From these four regions, we selected a final set of 50 tiles from over 150 Landsat tiles for best representing an overall snow climate. This selection is affected by a great variation in number of qualified Landsat tiles for each regions. In regions where snows occur frequently (i.e. Rocky Mountain, Sierra Nevada, and Minneapolis), there were small variations in Landsat tiles during each snow seasons, especially during snow melt periods when there were less clouds.

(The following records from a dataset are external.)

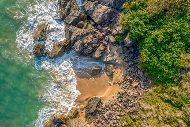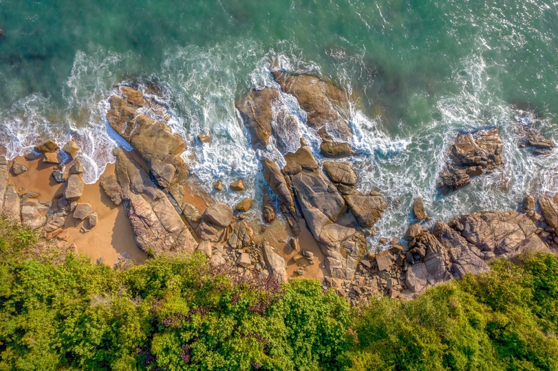 下午时分的石梅湾,是被阳光吻过的调色盘,航拍镜头下礁石是海浪的琴键,白浪是跃动的音符🎶。 层次:海水、浪花、礁石、沙滩、植被 颜色:蓝绿、白浪、中间灰、肤色黄、绿色 坐标:海南万宁石梅湾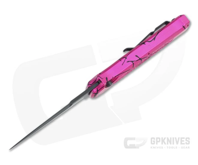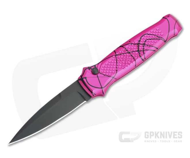 Part of the Bodyguard line from Piranha, the P12 Prowler offers a beefed up version of the dagger-like design with a tougher, 3 mm 154CM spear point blade and thicker handle construction. If you are looking for an automatic backup you can count on, look no further than the Prowler. This Tactical version comes with a black PVD coated blade and pink anodized aluminum handle.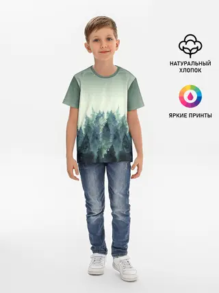 Детская базовая футболка / акварельный лес градиент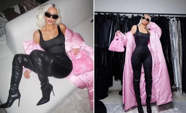 В этом сезоне Ким продемонстрировала новый тренд – совмещение Х-силуэта с верхней одеждой оверсайз. На зиму Кардашьян выбрала длинный пуховик светло-розового цвета. Этой зимой в тренде все оттенки розового и лавандового. Преимущество пуховика-одеяла не только в том, что он закрывает ноги и согревает даже в самые суровые холода. Такая модель визуально добавляет несколько сантиметров роста.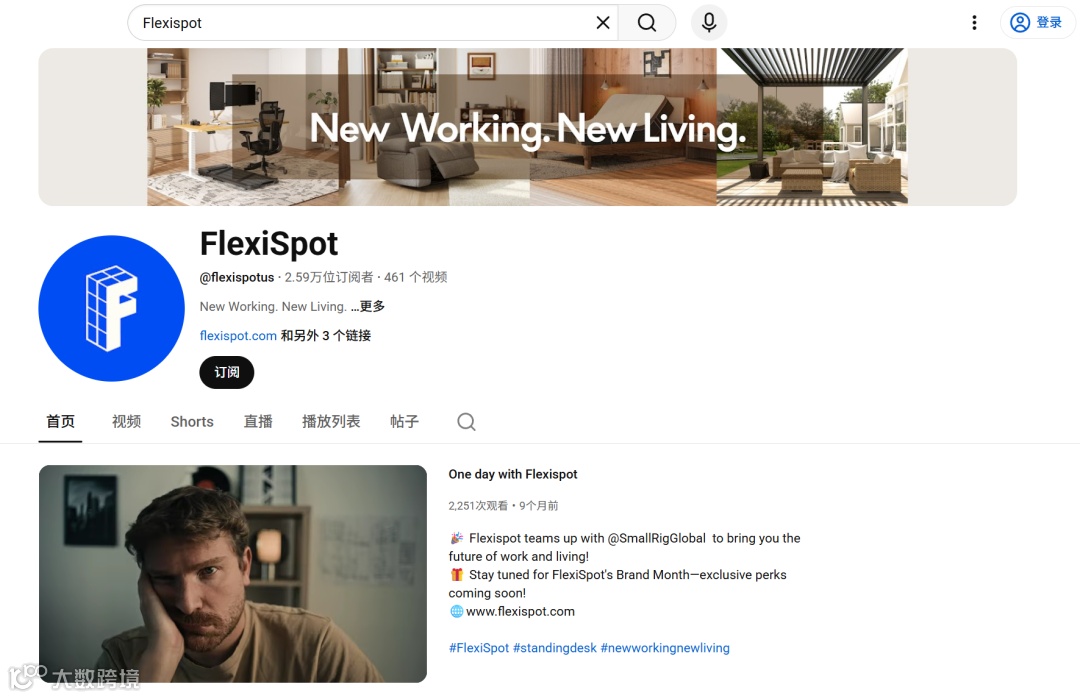 如果说TikTok是流量引爆核心,那YouTube就是品牌建立专业信任的关键阵地。这里的用户偏爱深度内容、看重专业性,Flexispot针对性布局官方认证账号,目前订阅者达2.59万。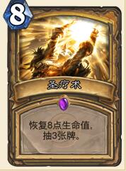 虽然有些对局它的存在有点多余,但针对大部分主流卡组来说,它真的太重要了!第一、它是过牌,第二、它能回血,第三、它是奶骑危急时刻自救的最佳方式;奶骑其实是一个算被动的套路,场面失控的时候是需要靠生平一套来清场的,但又经常会出现连招不到位的情况,而圣疗术的三张过牌恰恰极大的提高了组件凑成的可能性,即便拖了节奏又怎么样?对面肆无忌惮继续铺场,下回合直接全清返场的快感,有什么能够比得上的吗。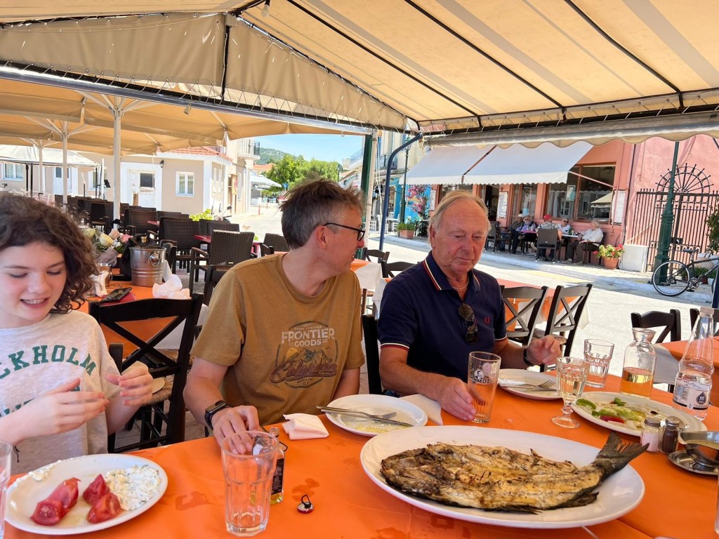After we went for lunch at Batis! The grownups ordered a huge fish and I had tsatsiki and salad. It was nice and since Kath and Cliff bought fish nets we could try catch some, but I didn’t catch any..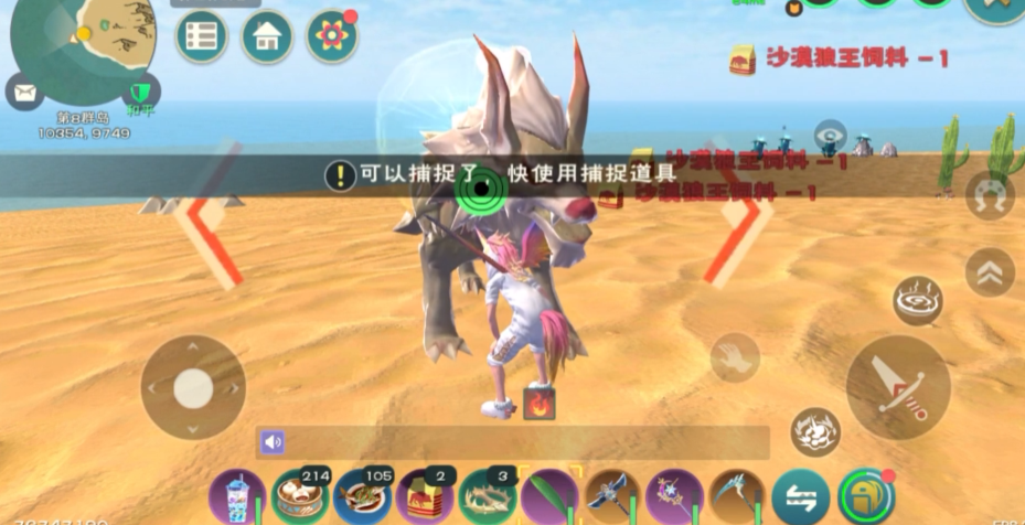 当你到了沙漠区域,建议从海岸边起步,那里有成对的沙漠狼出没,它们会围着水晶矿巡逻。你继续往前探索,就能发现那只标志性的骆驼,沙狼王大概率在其周边徘徊。 有些玩家分享的坐标点也很靠谱,比如(11018, 9712)或(10886, 9754)这些位置,但别死盯一个点,沙狼王可能在多个骨头堆旁刷新,包括左下角或靠近飞龙的地方。 记得等级至少要达到35级才能尝试抓捕,不然根本没法下手,提前准备好捕兽夹和饲料会让整个过程更顺利。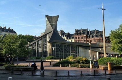 Храм расположен на площади Вье-Марше. В XVI веке на его месте стоял готический собор, от которого остались только витражи. Церковь Святой Жанны построена в современной манере с использованием асимметричных архитектурных форм и интересных инженерных решений. Крыша конструкции символизирует языки пламени, в котором погибла Жанна. В комплекс церковных зданий также входит крытый рынок.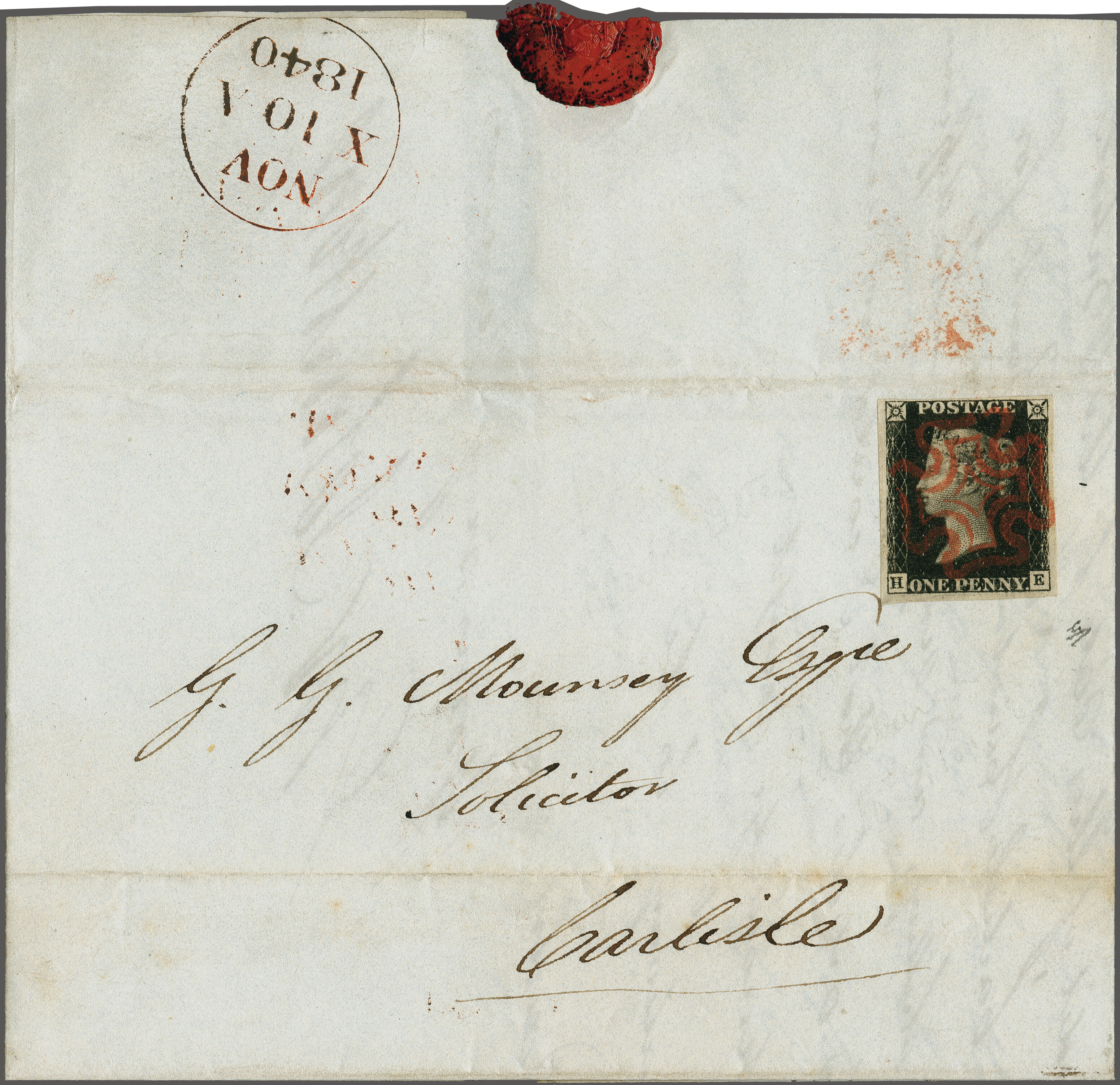 1840: 1 d. black, plate 5, lettered HE, a used example showing Double Letter "H" clearly, with large even margins all round, on 1840 cover from London to Carlisle cancelled by crisp strike of red Maltese Cross. London despatch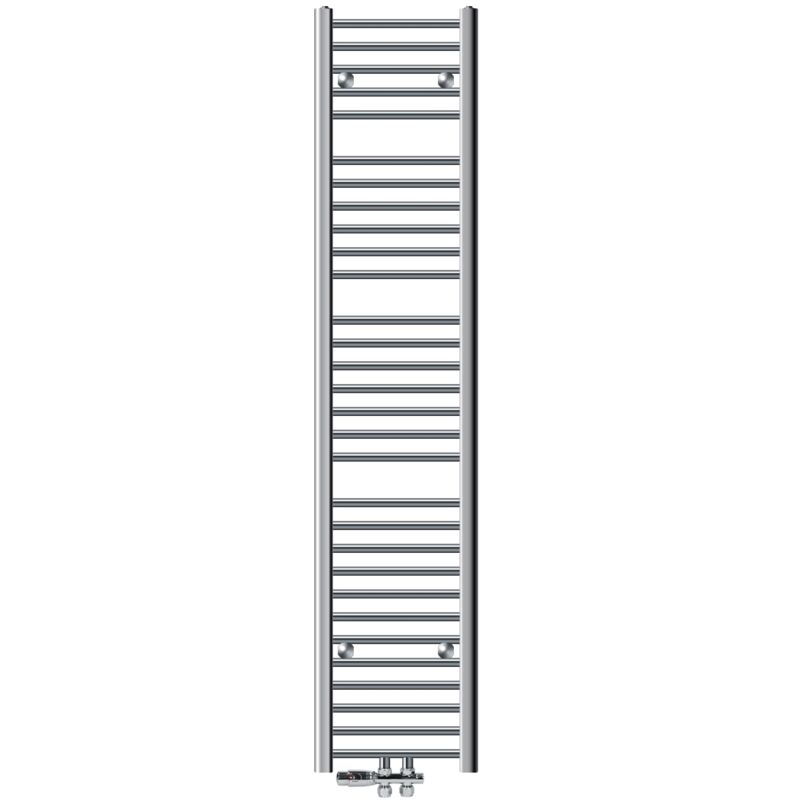 Contenuto: Radiatore da bagno 300 x 1800 mm cromato dritto Valvola di sfiato 1/2 pollice Tappo cieco da 1/2 pollice Termostato con kit di collegamento centrale (collegamento a pavimento / (versione a foro passante) - se i tubi escono dal pavimento) Set di montaggio a parete: 4 x staffe a parete 4 x viti e tasselli 4 viti di fissaggio 4 x dischi Informazioni tecniche: Larghezza (mm): 300 Altezza (mm): 1800 Attacchi (mm): 255 Diametro tubo: Ø22 Profilo (mm): 30 * 40 * 1.5D Potenza termica (watt a 75/65/20 °) Chrom DT50: 367 Quantità di acqua (L): 5,57 Peso (kg): 8,47 pressione massima di esercizio: 10 bar (1 MPa) Pressione di prova: 12 bar (1.2 MPa) profili a D verticali 30 x 40 x 1,5 mm tubi tondi orizzontali 22 x 1,2 mm Distanza dal muro: circa 6,5 ??cm Lunga durata grazie alla cromatura dura radiatore da bagno di alta qualità da un rivenditore specializzato materiale di base spesso robusto imballaggio in cartone Set di connessione: per collegamento centrale con interasse 50 mm

On the contrary, in the Seattle region, there were many fewer Landsat tiles which were not contaminated by clouds but also contained significant snow boundaries.

Validation results

We compared the performance of the cloud-free with Landsat using two categorical validation indices, Probability of Detection (POD) and False Alarm Ratio (FAR).

\begin{matrix} (10) & P O D = \frac{H i t}{H i t + M i s s} \end{matrix}

\begin{matrix} (11) & F A R = \frac{F a l s e}{H i t + F a l s e} \end{matrix}

Over the validation scenarios, POD ranged from 0.860 to 1.000 with an average of 0.955. Modest results of POD with a mean of 0.888 came from the Seattle region since this area has a complex topography and dense forests which hindered the original MODIS-SCA product snow detection. Meanwhile, regions in high elevations or frequent snow areas showed high POD. Since the VI algorithm retrieved ground states of cloud hindered pixels, it is also important to validate the FAR of the cloud-free dataset. Across 50 validation scenes, the dataset yielded a reasonable average FAR of 0.179 with the highest FAR of 0.28 for 2 days, March 28, 2004 and March 29, 2016, in the Seattle region. The dataset modest performance in the Seattle region is justified by the rapid-varied topography and dense needle leaf forests in this region. These characteristics impose difficulties in mapping snow for this region from satellites^5,9,26,38.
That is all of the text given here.